Segment Start: AVAILABLE DATA
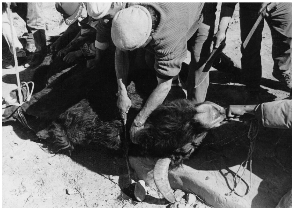
FIGURE 3. Journey's end: Male yak being slaughtered in Shimshal.

Instead of acknowledging the significance of this community, enforcement of the park plans would put an end to their pastoral animal husbandry. The plan to sedentarize the Shimshalis overlooked the cultural significance of their mountain pastures (pameer) and the biannual migration (kooch) to and from the pastures which are high points in Shimshalis' pastoral cycle (A.Knudsen 1992:46). The original park plans would fragment this local management system and upset pastoral migrations which were fully compatible with the aims of conservation. Already in 1979 the IUCN's guidelines for conservation in mountain environments pointed out that:
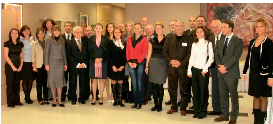
Participants of the joint BSEC-KAS Workshop on Entrepreneurial Education for SMEs, held on 13-15 October 2010, in Belgrade.
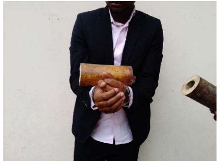
A trafficker arrested with an elephant tusk cut into 6 pieces in Congo

A trafficker arrested with an elephant tusk cut into 6 pieces in Congo. He was arrested during an attempt to sell the ivory. He is linked to an ivory trafficker arrested in September and sentenced to two years in prison. He arrived at the scene of transaction in a taxi, carrying a multicolour shopping bag in which the tusks were concealed.
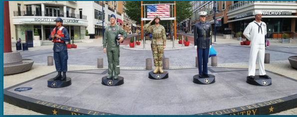
National Harbor Showcase Intersection Salzano Custom Concrete, Aldie, VA
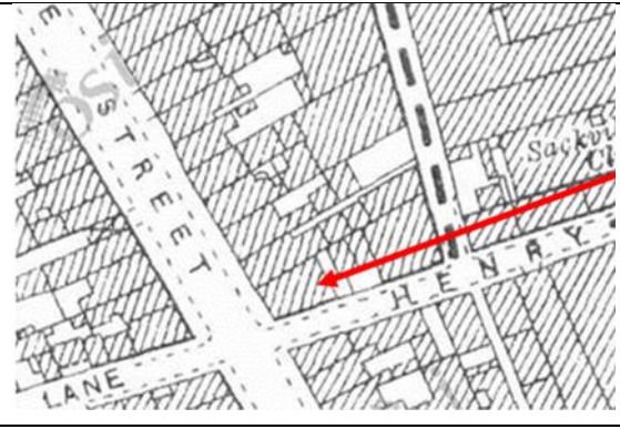
Fig. 12: Dublin OS 25" map, c. 1915
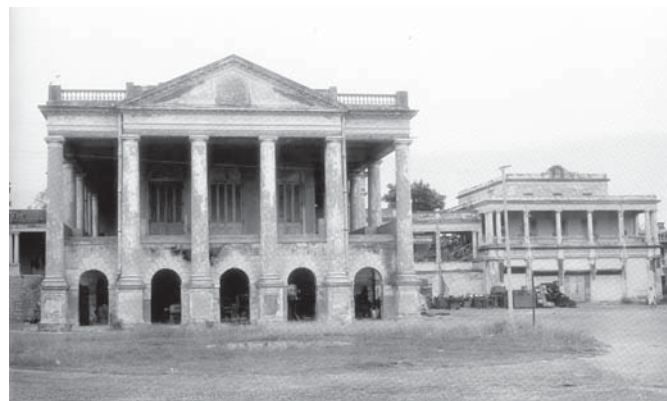
The first Madras Club (on Mount Road)

In Vayaadi , the shrew's role was played by a girl from Royapuram called Clara. Rechristened 'Chandra' for the movie, this teenager showed promise. In later years, as 'Madhuri Devi', shapely and
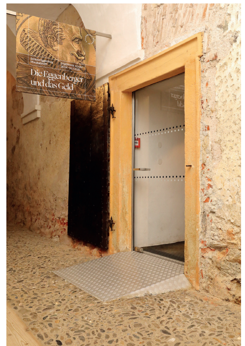
Access Coin Cabinet
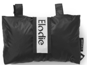
Brilliant Black 50700132122NA Timeless
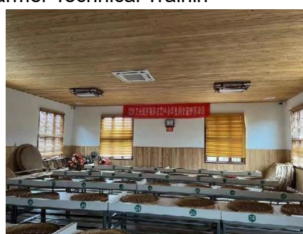
Figure 4 Fu'an City tea processing training
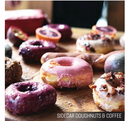
SIDECAR DOUGHNUTS & COFFEE
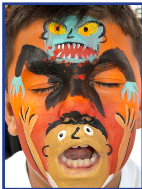
CHASED BY MONSTER
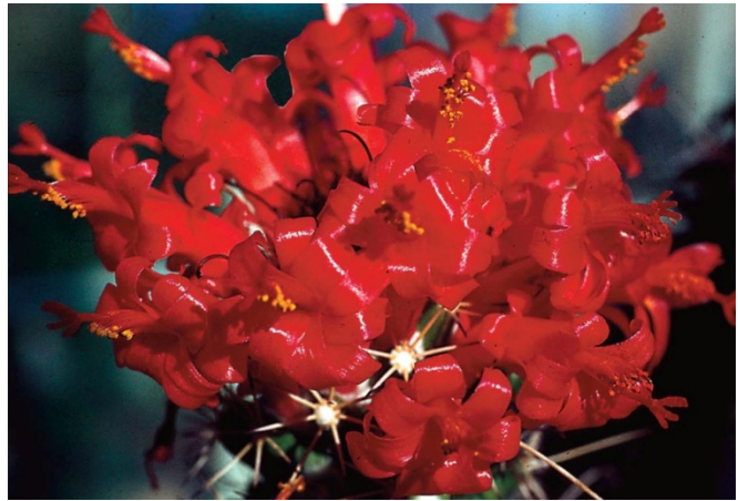
Figure 1 - Cochemiea

What would you get if a Mammillaria adapted to hummingbird pollination? You would get a Cochemiea . A typical pincushion flower is a small pink funnel. Imagine elongating that funnel, making it narrowly tubular, and changing the color to bright red. Now you have a Cochemiea (Figure 1).
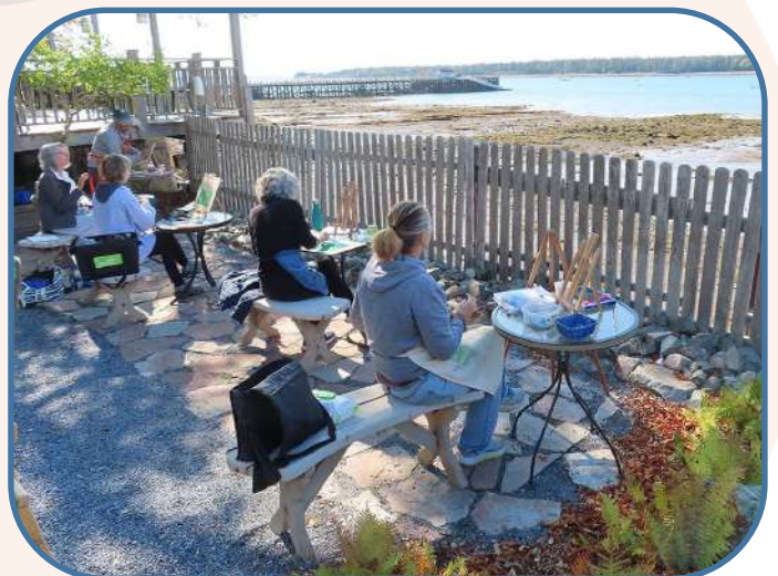
Art for Mental Health — Sunbury Shores Arts and Nature Centre
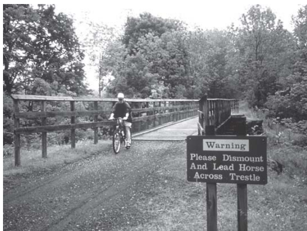
Trail managers cite warning signs as a good risk management technique.

The managing agency should also develop a comprehensive maintenance plan that provides for regular maintenance and inspection. These procedures should be spelled out in detail in a trail management handbook and a record should be kept of each inspection including what was discovered and any corrective action taken. The trail manager should attempt to warn of or eliminate any hazardous situations before an injury occurs. Private landowners that provide public easements for a trail should ensure that such management
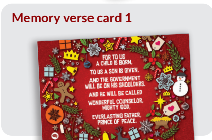
Memory verse card 1
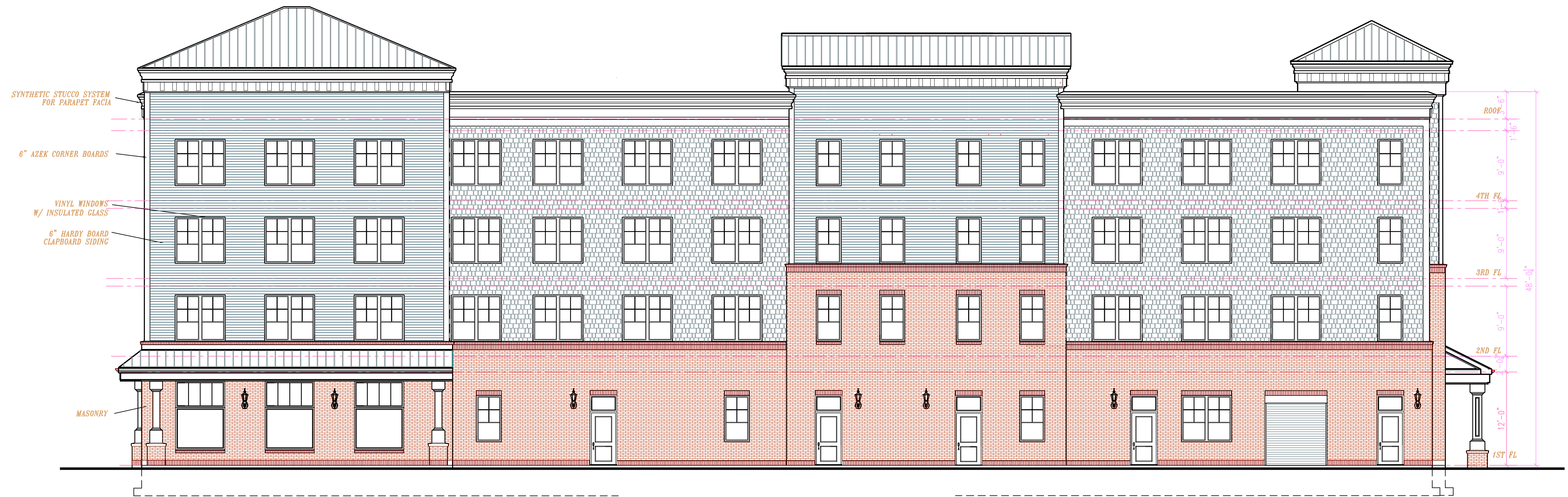
WEST SIDE ELEVATION (CANAL STREET W) SCALE - 1/8" = 1'-0"
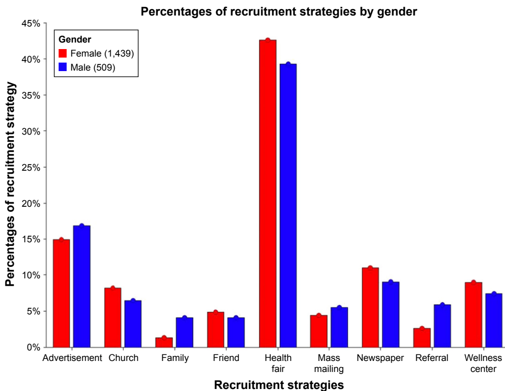
Figure 2 Gender-based distribution of strategies used to engage the community in the sample.

family referral sources is a new and important addition to the literature. Several strategies have been previously employed, but with limited success. In one study, distributing flyers to community clinics, physician offices, churches, and barber-shops serving older Black men failed to increase enrollment. This suggests that other strategies must be employed. 32 However, an alternative approach that employed the concept of a trusted source included ~1,003 Black churches, each setting a recruitment goal based on church attendance. Serving as recruiters, a pastor and a church member shared study information with the congregation and received monetary
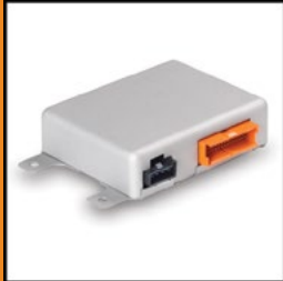
GM® Transfer Case Control Module
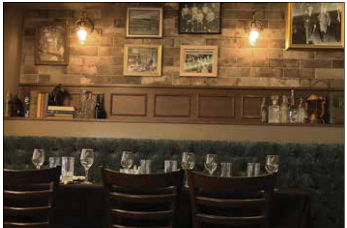
Canterbury Park's Little Chicago

The GTO life play at The Venetian is 100% The Dorsey. Stop in early and try their signature drink "The Penicillin," identified by The New York Times as one of the eleven essential drinks of the modern cocktail revival. Stop by later in the night and experience live curated music by renowned DJs who spin old school classics as well as newer tunes that fit the vibe.
Segment End: AVAILABLE DATA
Please restate the entries word for word, with all pictures left out.

EXERCISE ANSWER:
FIGURE 3. Journey's end: Male yak being slaughtered in Shimshal.

Instead of acknowledging the significance of this community, enforcement of the park plans would put an end to their pastoral animal husbandry. The plan to sedentarize the Shimshalis overlooked the cultural significance of their mountain pastures (pameer) and the biannual migration (kooch) to and from the pastures which are high points in Shimshalis' pastoral cycle (A.Knudsen 1992:46). The original park plans would fragment this local management system and upset pastoral migrations which were fully compatible with the aims of conservation. Already in 1979 the IUCN's guidelines for conservation in mountain environments pointed out that:
Participants of the joint BSEC-KAS Workshop on Entrepreneurial Education for SMEs, held on 13-15 October 2010, in Belgrade.
A trafficker arrested with an elephant tusk cut into 6 pieces in Congo

A trafficker arrested with an elephant tusk cut into 6 pieces in Congo. He was arrested during an attempt to sell the ivory. He is linked to an ivory trafficker arrested in September and sentenced to two years in prison. He arrived at the scene of transaction in a taxi, carrying a multicolour shopping bag in which the tusks were concealed.
National Harbor Showcase Intersection Salzano Custom Concrete, Aldie, VA
Fig. 12: Dublin OS 25" map, c. 1915
The first Madras Club (on Mount Road)

In Vayaadi , the shrew's role was played by a girl from Royapuram called Clara. Rechristened 'Chandra' for the movie, this teenager showed promise. In later years, as 'Madhuri Devi', shapely and
Access Coin Cabinet
Brilliant Black 50700132122NA Timeless
Figure 4 Fu'an City tea processing training
SIDECAR DOUGHNUTS & COFFEE
CHASED BY MONSTER
Figure 1 - Cochemiea

What would you get if a Mammillaria adapted to hummingbird pollination? You would get a Cochemiea . A typical pincushion flower is a small pink funnel. Imagine elongating that funnel, making it narrowly tubular, and changing the color to bright red. Now you have a Cochemiea (Figure 1).
Art for Mental Health — Sunbury Shores Arts and Nature Centre
Trail managers cite warning signs as a good risk management technique.

The managing agency should also develop a comprehensive maintenance plan that provides for regular maintenance and inspection. These procedures should be spelled out in detail in a trail management handbook and a record should be kept of each inspection including what was discovered and any corrective action taken. The trail manager should attempt to warn of or eliminate any hazardous situations before an injury occurs. Private landowners that provide public easements for a trail should ensure that such management
Memory verse card 1
WEST SIDE ELEVATION (CANAL STREET W) SCALE - 1/8" = 1'-0"
Figure 2 Gender-based distribution of strategies used to engage the community in the sample.

family referral sources is a new and important addition to the literature. Several strategies have been previously employed, but with limited success. In one study, distributing flyers to community clinics, physician offices, churches, and barber-shops serving older Black men failed to increase enrollment. This suggests that other strategies must be employed. 32 However, an alternative approach that employed the concept of a trusted source included ~1,003 Black churches, each setting a recruitment goal based on church attendance. Serving as recruiters, a pastor and a church member shared study information with the congregation and received monetary
GM® Transfer Case Control Module
Canterbury Park's Little Chicago

The GTO life play at The Venetian is 100% The Dorsey. Stop in early and try their signature drink "The Penicillin," identified by The New York Times as one of the eleven essential drinks of the modern cocktail revival. Stop by later in the night and experience live curated music by renowned DJs who spin old school classics as well as newer tunes that fit the vibe.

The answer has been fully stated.